The basic ELISA microarray protocol has been previously described in detail [13]. In brief, 27 capture antibodies (listed in supplementary Table 1) were printed on each chip in quadruplicate spots such that one replicate spot per antibody was printed in each of 4 identical quadrants (Fig. 1). The commercial sources for these antibodies have been previously reported [12, 14]. A capture antibody for the green fluorescent protein, which was used as a sandwich ELISA calibration assay (see below), and orientation spots were also printed in quadruplicate on each chip (Fig. 1). The samples were blocked based on study group and then randomized for the ELISA analysis. The 4 PTM analyses were each conducted separately. Individual chips were first incubated with a diluted plasma sample from a single subject, with each sample analyzed on 3 identical chips for each of the 4 PTM analyses. Thus, this study represents data from 1800 ELISA chips and 48,000 ELISAs, without taking into account the 4 replicate spots for each assay on each chip. For each PTM analysis, all samples were simultaneously processed, thus eliminating concerns about reagent drift or other potential day-today variations. After washing, the chips were incubated with one of 4 biotinylated PTM detection antibodies (listed in supplementary Table 2) and a biotinylated detection antibody for green fluorescent protein. The biotin signal was amplified using the biotinyltyramide system [15]. Fluorescent labeling was produced using streptavidin conjugated with Alexa 546. After processing, the microarray slides were imaged with a fluorescent laser scanner (ScanArray Express HT, Perkin-Elmer, Downer Grove, IL, USA) and ScanArray Express software was used to quantify the fluorescent intensity of the spots. Data calibration across chips was undertaken using the data from the green fluorescent protein ELISA analysis using ProMAT Calibrator [10, 11] and then was processed using ProMAT [16]. We developed both of these programs as open-source programs in R that are freely available on the web (www.pnl.gov/statistics/ProMAT/).

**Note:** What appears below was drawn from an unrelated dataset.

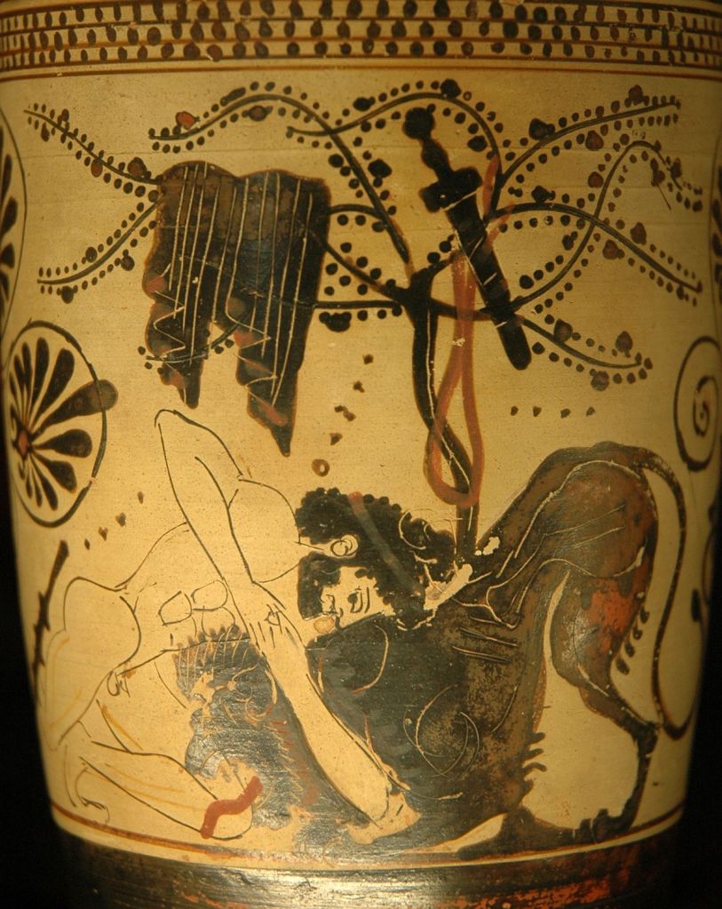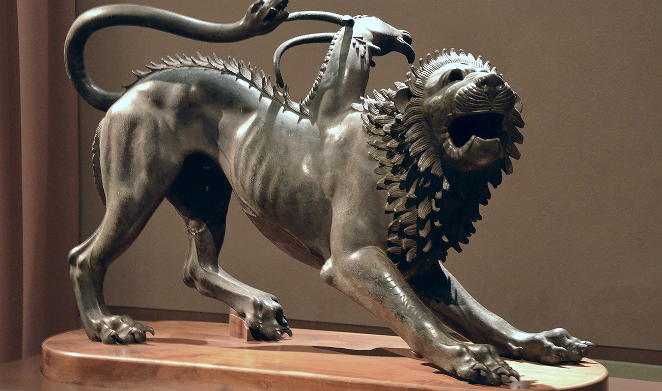 Dans la mythologie grecque, la Chimère est une créature monstrueuse, fille de Typhon et d’Échidna. Elle est souvent décrite comme ayant la tête et le corps d’un lion, une tête de chèvre sur le dos, et une queue se terminant par une tête de serpent. La Chimère crachait du feu et semait la terreur dans la région de Lycie. Le héros Bellérophon, monté sur le cheval ailé Pégase, fut chargé de tuer la Chimère. Grâce à son courage et à la rapidité de Pégase, Bellérophon réussit à terrasser le monstre en lui enfonçant une lance de plomb fondue par ses flammes. La Chimère symbolise le chaos et la terreur, ainsi que la capacité des héros à surmonter des menaces apparemment invincibles.

Figure 1. Image of a single ELISA microarray.

Figure 1

Each microarray chip contains 27 capture antibodies for assay proteins and additional control spots for orientation (A546) and antibodies for an internal calibration assay (GFP). All reagents were individually printed in quadruplicate (once in each quadrant). A single scanned chip is shown in the lower image, with crossed white lines added to seperate the 4 identical quadrants. The color is artificial and corresponds to fluorescence signal intensity, which increases from black (background) to blue (weak fluorescent signal) to green (strong signal). The layout of a single quadrant is shown in the upper figure.

Statistics

Results from within and across reagents and studies were statistically evaluated, individually and in combination, using ANOVA, t-tests and ROC analyses. First, promising reagent-specific assays were identified by using Box-Cox transformed ELISA spot-fluorescence data and then comparing individual assays between the cancer and no-cancer groups by ANOVA. The ANOVA model included a two-level study factor to account for intensity offsets between studies while the intensities were Box-Cox transformed in order to produce normally distributed residuals of the same scale between studies. When P was less than 0.05 for the ANOVA analysis, statistical differences between individual groups were delineated by t-tests. In these cases, only the t-test p values are presented here. Assay results were then evaluated with ROC analyses of the individual assays and linear discriminant scores of assay combinations. ROC curves were computed using data from the two individual studies and the data combined across studies using the Moses algorithm [17]. These analyses were executed using R [18] with Box-Cox transform and linear discriminant algorithms from the MASS [19] library, and ROC algorithms from the ROCR library [20].

Results

GSH and HNE modifications in plasma proteins are altered in breast cancer

We analyzed 4 PTMs in 27 proteins for an analysis of 108 total candidate biomarkers. We used several criteria to identify likely candidate proteins for our analysis. First, we selected potential biomarkers based on our proteomics study that identify abundant proteins in nipple aspirate fluid, which is highly enriched in proteins secreted by the breast ductal tissue, the cells of which are the source of most breast cancers [21]. We also analyzed a number of secreted proteins reported by others to be produced by normal or cancerous breast tissue. Finally, we evaluated a selection of proteins that we identified as being secreted at higher levels in human mammary cells in response to modest changes in intracellular ROS or to epidermal-growth-factor signaling [8, 9, 22, 23].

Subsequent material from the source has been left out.